== Source data ==

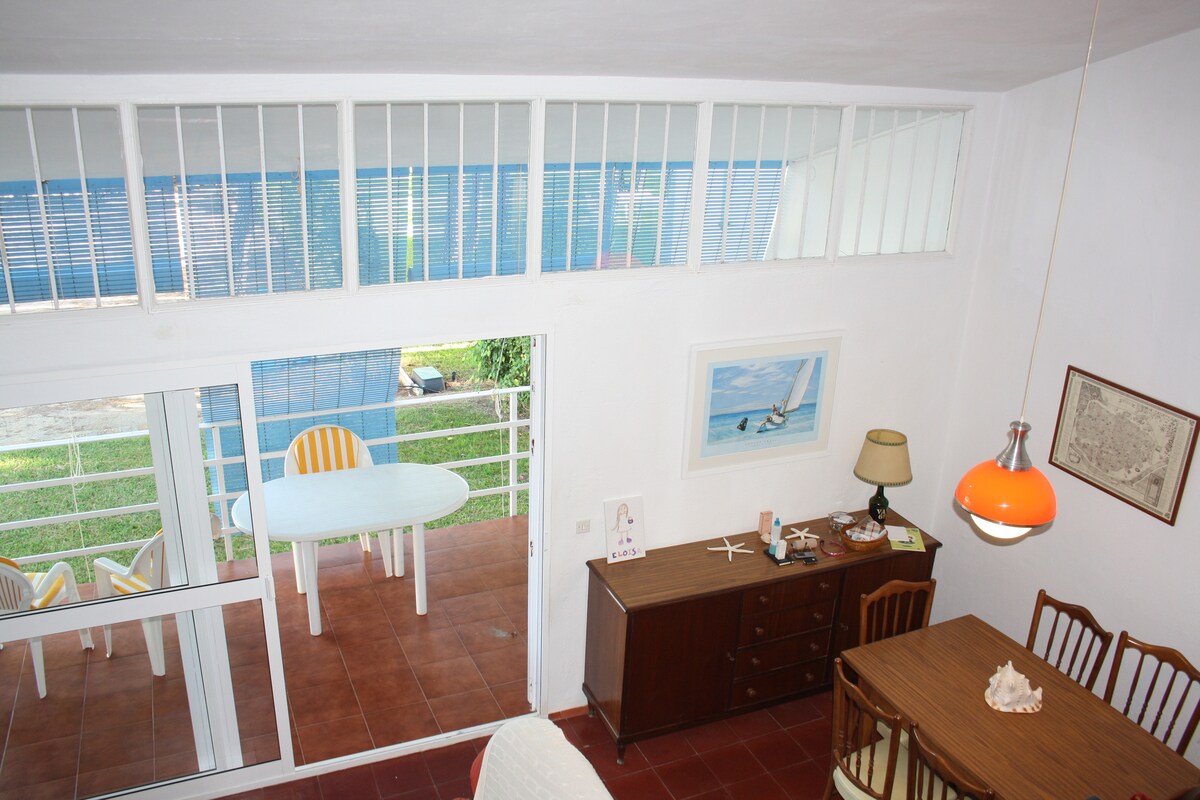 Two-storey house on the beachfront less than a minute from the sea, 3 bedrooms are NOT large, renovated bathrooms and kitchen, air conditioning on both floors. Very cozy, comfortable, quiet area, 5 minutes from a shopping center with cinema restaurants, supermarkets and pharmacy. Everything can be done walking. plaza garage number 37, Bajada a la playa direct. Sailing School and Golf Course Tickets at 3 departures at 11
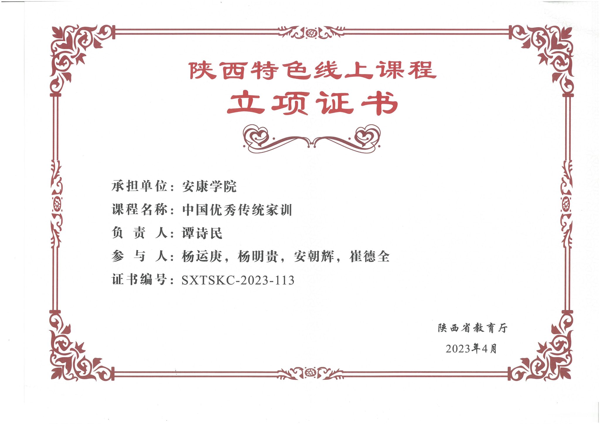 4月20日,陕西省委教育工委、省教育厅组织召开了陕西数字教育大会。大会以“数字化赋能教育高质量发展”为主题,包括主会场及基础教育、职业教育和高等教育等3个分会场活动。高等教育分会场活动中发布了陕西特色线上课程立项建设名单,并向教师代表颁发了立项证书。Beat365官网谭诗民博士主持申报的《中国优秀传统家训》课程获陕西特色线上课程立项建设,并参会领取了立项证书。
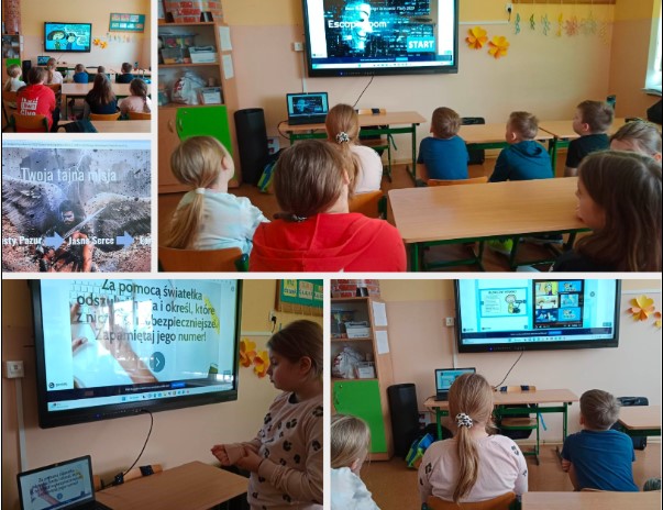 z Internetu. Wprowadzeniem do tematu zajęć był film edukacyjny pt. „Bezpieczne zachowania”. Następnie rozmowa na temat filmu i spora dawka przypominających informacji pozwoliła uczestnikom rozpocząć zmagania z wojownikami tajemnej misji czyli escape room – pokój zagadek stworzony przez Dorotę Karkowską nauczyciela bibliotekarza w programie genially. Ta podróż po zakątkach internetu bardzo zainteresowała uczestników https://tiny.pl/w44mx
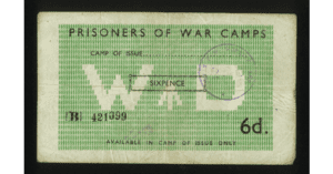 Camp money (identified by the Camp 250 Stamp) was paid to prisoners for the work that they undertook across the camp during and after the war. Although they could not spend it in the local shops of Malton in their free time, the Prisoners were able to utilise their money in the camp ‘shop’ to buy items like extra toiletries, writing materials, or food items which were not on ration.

===

◆ **Your task**
Copy only the lines above from the one containing "4月20日,陕西省委教育工委" through the one containing "z Internetu. Wprowadzeniem", both included. Leave out the pictures.

◆ **Expected answer**
 4月20日,陕西省委教育工委、省教育厅组织召开了陕西数字教育大会。大会以“数字化赋能教育高质量发展”为主题,包括主会场及基础教育、职业教育和高等教育等3个分会场活动。高等教育分会场活动中发布了陕西特色线上课程立项建设名单,并向教师代表颁发了立项证书。Beat365官网谭诗民博士主持申报的《中国优秀传统家训》课程获陕西特色线上课程立项建设,并参会领取了立项证书。
 z Internetu. Wprowadzeniem do tematu zajęć był film edukacyjny pt. „Bezpieczne zachowania”. Następnie rozmowa na temat filmu i spora dawka przypominających informacji pozwoliła uczestnikom rozpocząć zmagania z wojownikami tajemnej misji czyli escape room – pokój zagadek stworzony przez Dorotę Karkowską nauczyciela bibliotekarza w programie genially. Ta podróż po zakątkach internetu bardzo zainteresowała uczestników https://tiny.pl/w44mx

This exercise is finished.